The Mercury

Four years of inaction on private security bill

- Siyabonga Mkhwanazi

THE Private Security Industry Regulation Amendment Bill remains in limbo four years after it was passed by Parliament, with former president Jacob Zuma delaying its signing into law.

The ANC took a resolution at its elective conference in December for the president to immediatel­y assent to the bill.

However, President Cyril Ramaphosa said yesterday he was looking into the matter.

The bill calls for local companies to get a 51% majority stake from private security firms. But when the bill was passed, some of the stakeholde­rs complained it would kill jobs.

Ramaphosa’s spokespers­on Khusela Diko said the matter was being attended to.

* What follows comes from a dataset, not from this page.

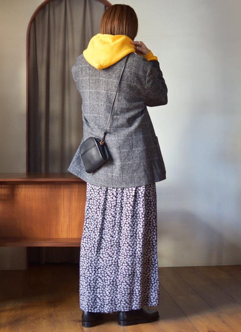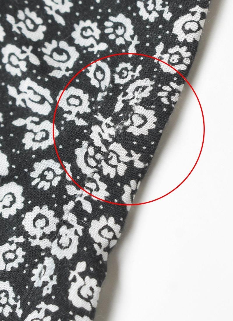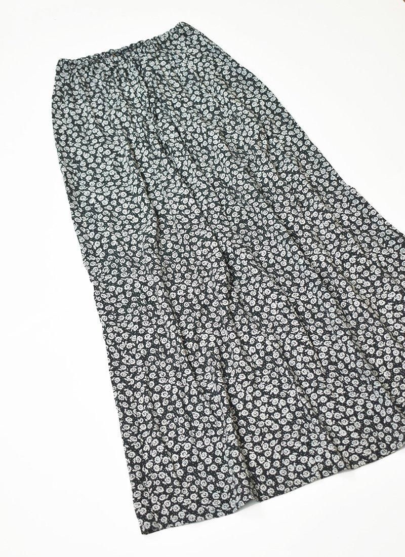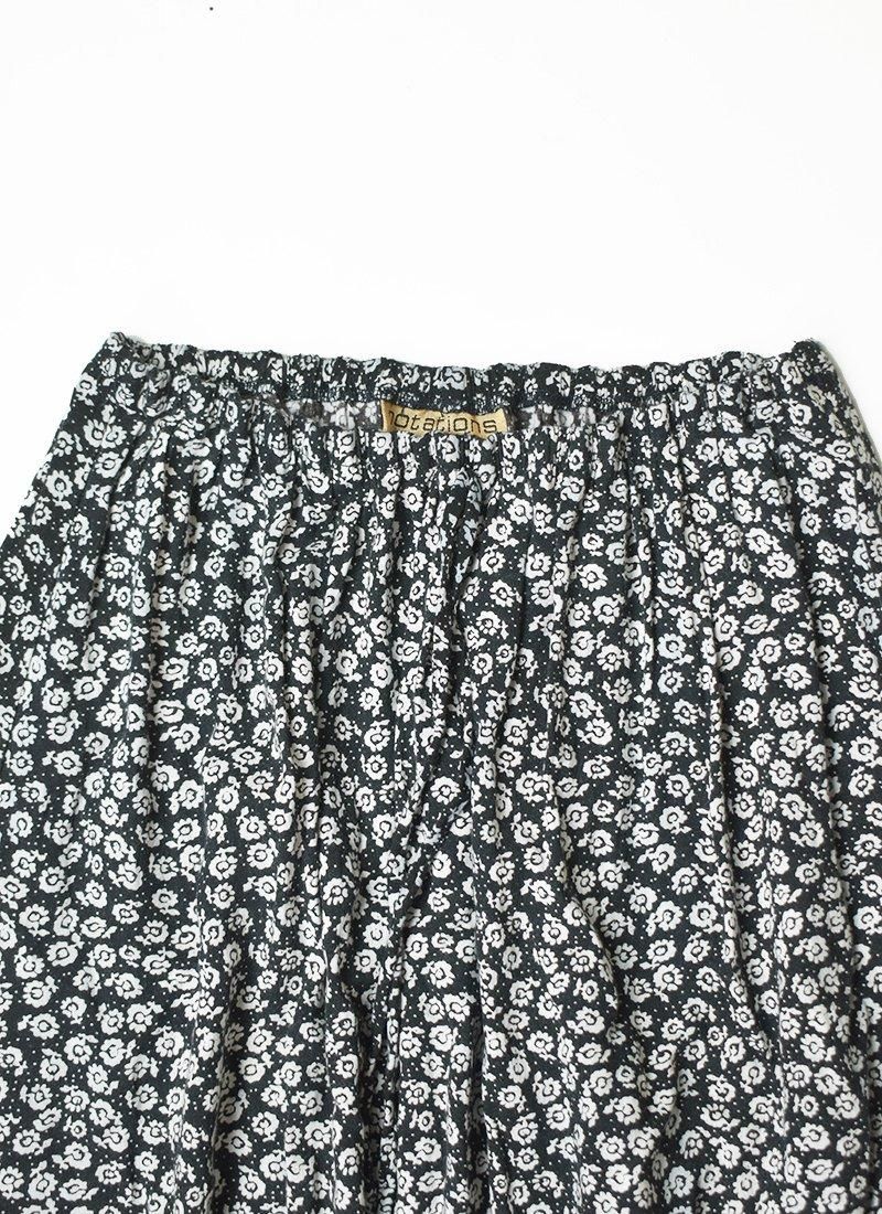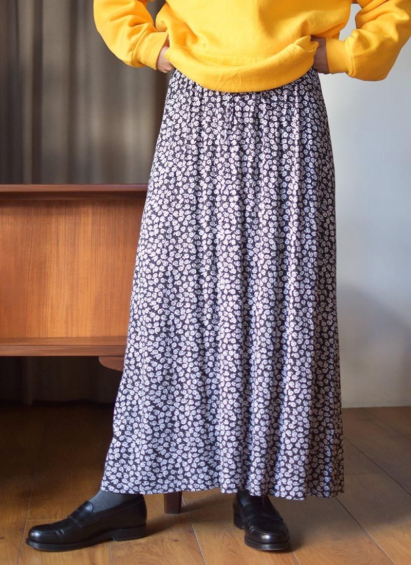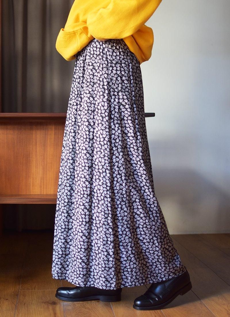 ウエストはゴム仕様で、ブラックベースの小花柄が万能な1着。
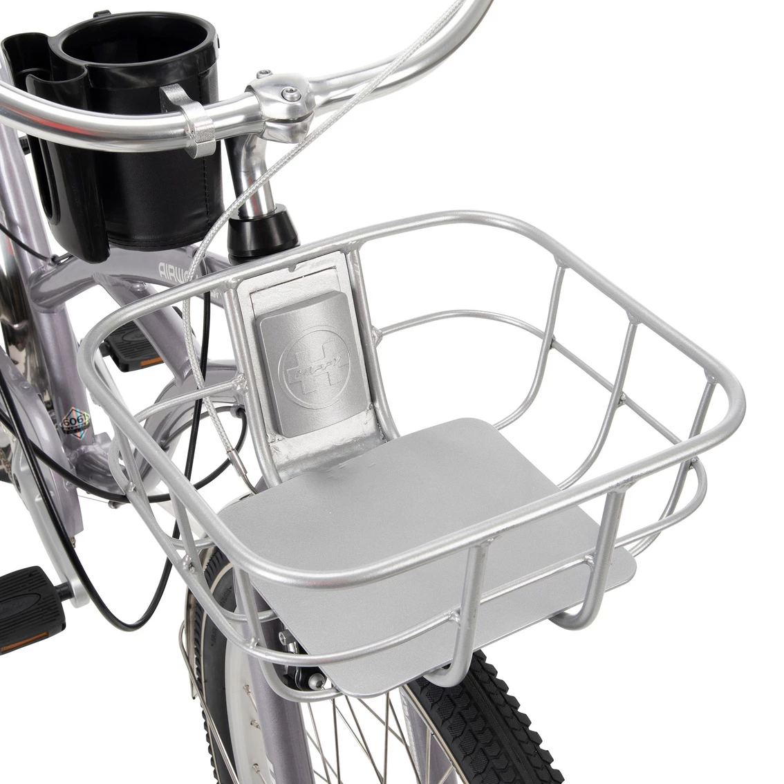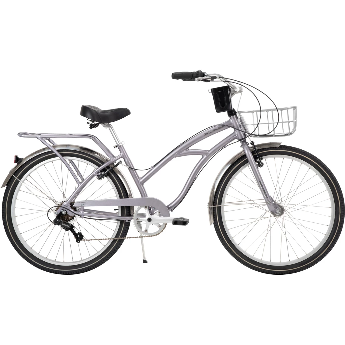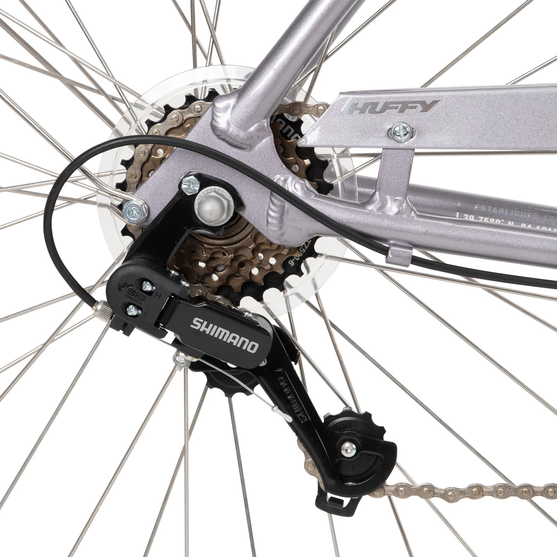 The Women’s 6-speed Airway Cruiser from Huffy lets you take cruising to the next level. The combination of easy-to-use twist shift gears, and Huffyโs lightweight Perfect Fit aluminum frame, makes it easier to go for longer rides, so why not go a little bit farther on your next coffee trip?

Parliament passed the bill in March, 2014, after it was tabled by then Police Minister Nathi Mthethwa to protect national security. Since its approval by the national legislatur­e, it has been lying on the president’s desk.

Diko said Ramaphosa was getting advice on the bill.

“When the president came in he requested an audit of all the bills that needed to be assented to. The Private Security Industry Regulation Amendment Bill is one of those bills. He (Ramaphosa) also requested advice on the bill from the State Security Agency, and we are awaiting an opinion on it,” said Diko.

The bill wants to limit the control of private security firms by foreigners. The industry employs more than 500 000 people, which is more than twice the number of police officers employed in the country.

The government has said the private security industry poses a threat to national security. There are more than 9000 private security companies in the country, and the industry generates billions of rand a year.

The official opposition has argued that if the bill was signed into law in its current form, limiting foreign control of private security firms, it would be in violation of the World Trade Organisati­on’s general agreement on trade in services.

The opposition has said this provision of limiting foreign ownership was unworkable, and the bill needed to be redrafted by Parliament.